# Need help explaining light speed limit to younger brother

1. May 11, 2010

### MasterZoran

Hi everyone - I am having trouble getting my brother to wrap his head around why you cannot move faster than the speed of light.

My little brother has said that he believes eventually we will have technology that will allow FTL travel - I agree with this but I told him that IF it happens it will not be because of us literally moving FTL, it will be because we figure out how to bend space to allow us to cover great distances in a short time (think of the ant and the thread, then folding the thread - this is how I believe FTL travel *may* work)

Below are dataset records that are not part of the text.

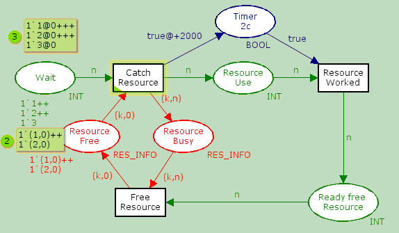 В рассматриваемом примере при первой итерации две фишки, отражающие выполнение процесса, переместятся в состояние ResourceUse, две фишки появятся в позиции Timer2c, и две фишки, представляющие ресурс – в позиции ResourceBusy, изменяя при этом элемент цвета, указывающий номер процесса, захватившего ресурс. После этого переход CatchResource сработать не сможет, так как нет фишки в позиции ResourceFree (свободного ресурса). Не разрешен также переход ResourceWorked (РесурсВРаботе), из-за того, что фишка, имитирующая таймер, несет временной штамп, равный 2000, а текущее значение глобальных часов равно 0. Если установлено, что нет доступных переходов, происходит наращивание счетчика глобальных часов до тех пор, пока не ''откроется'' переход ResourceWorked, так как штамп фишки в позиции Timer2c окажется равен значению глобальных часов. В результате начнется освобождение ресурсов, посредством срабатывания перехода ResourceWorked, отвечающего за условие временной задержки, и перехода FreeResource, осуществляющего имитацию освобождения ресурса путем проведения операции сравнения для идентификации фишки ресурса, несущей номер процесса, который использует данный ресурс. Таким образом, позиция ResourceFree приобретает две фишки и переход CatchResource активизируется, перемещая следующую фишку процесса на позицию ResourceUse. После наращивания часов до значения 4000 (порождаемая переходом CatchResource фишка таймера будет нести штамп текущего времени, равный 2000) станут последовательно доступны переходы ResourceWorked и FreeResource. Дальнейшая работа сети прекращается, так как не остается фишек в позиции Wait.
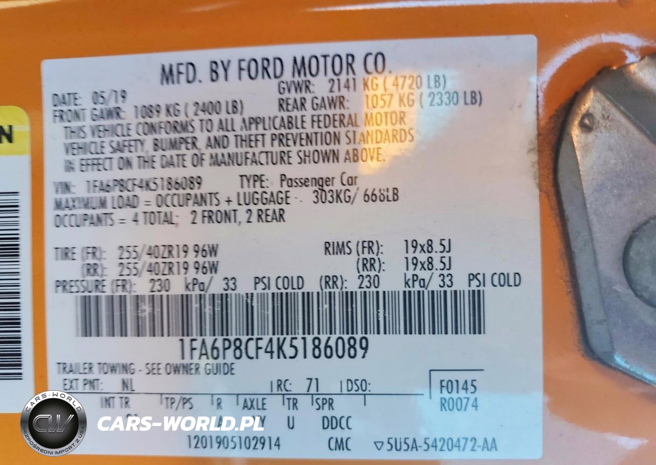 Copart Nr: C-98929855 VIN: 1FA6P8CF4K5186089 Port: Los Angeles, CA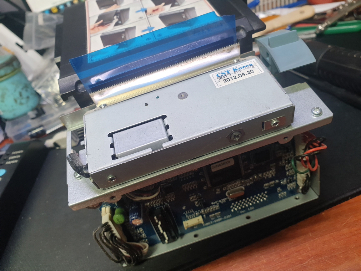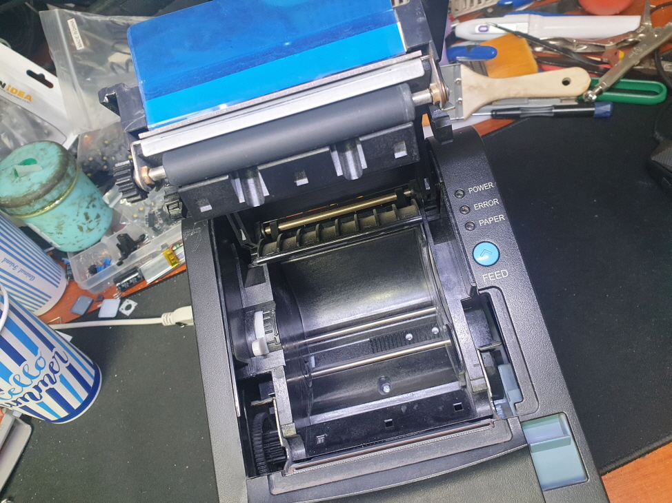 영수증 오토커터불량으로 인해 뚜껑이 열리지 않는 문제로 수리 진행합니다.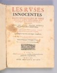 [FORTIN, François] Les Ruses innocentes, dans lesquelles se voit comment on prend les Oyseaux passagers, & les non passagers : & de plusieurs sortes de Bestes à quatre pieds Paris, Pierre Lamy, 1660 UN CLASSIQUE DU GENRE ÉDITION ORIGINALE. In-4 (261 x 199 mm). Page de titre imprimée en rouge et noir, avec une vignette gravée sur bois. Initiales, bandeaux et culs-de-lampe gravés sur bois. ã4 ẽ4 A-G4 ã4 H-P4 ã4 Q-Z4 ã2 2A-E4 2F3 ã5 2G-N4 (sans le cahier 2N4) : (8) ff., 280 pp. (sur 288). 66 planches gravées sur bois, dont plusieurs dépliantes. Cartonnage recouvert d’un vélin de réemploi, dos muet. Chemise et étui modernes. Thiébaud, 408 -- Schwerdt, I, 180-181 -- Souhart, 636. Manque angulaire aux deux premiers feuillets, petites taches brunes à certains feuillets, quelques-uns brunis. Pâle mouillure marginale à une dizaine de planches, déchirure sans manque à une planche. Le 8 dernières pages manquent (cahier 2N4)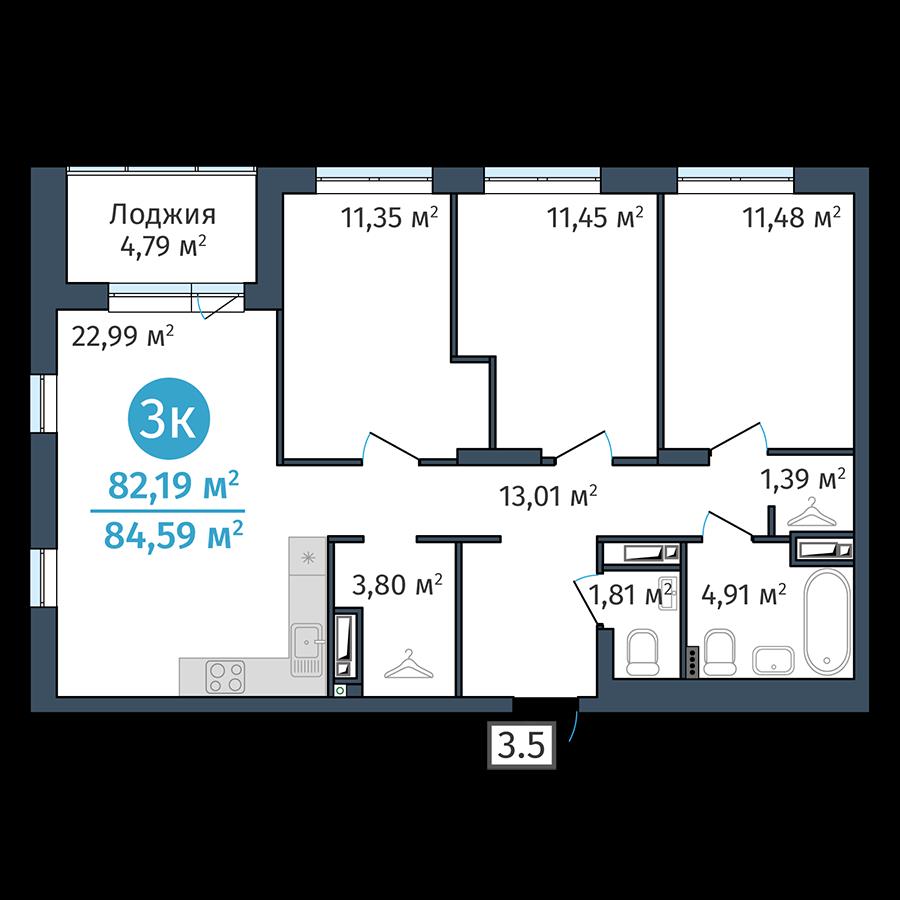 общая 82,19 м2, жилая 0 м2, кухни 22,99 м2 |

I tried to explain to him E=MC2 and diminishing returns - how the more energy you put into an object the more mass it has, so even if you could come up with an "infinite" energy supply and were to pour "infinite" amount of energy into an object the object's mass would increase proportionately with diminishing returns so you would never actually reach light speed -

he seems to think that eventually - some day we will overcome this limit - I told him the universe would probably break

can anyone link me to a good article or help me come up with some way to explain why light speed is a hard limit - why it cannot ever be exceeded by objects with mass

-ps, I'm sure many of the terms / idea's I am using are not perfectly accurate - I'm just generalizing some advanced concepts for the sake of explanation based on my limited understanding of special relativity - I am no scientist

I might even be the one who is wrong - but I would love to learn why/why not.

thanks!

Edit: The gist of what I am getting at is in the definition of "Traveling faster than light speed" - If you define it as moving from one place to another quicker than light would get there I do believe that possible.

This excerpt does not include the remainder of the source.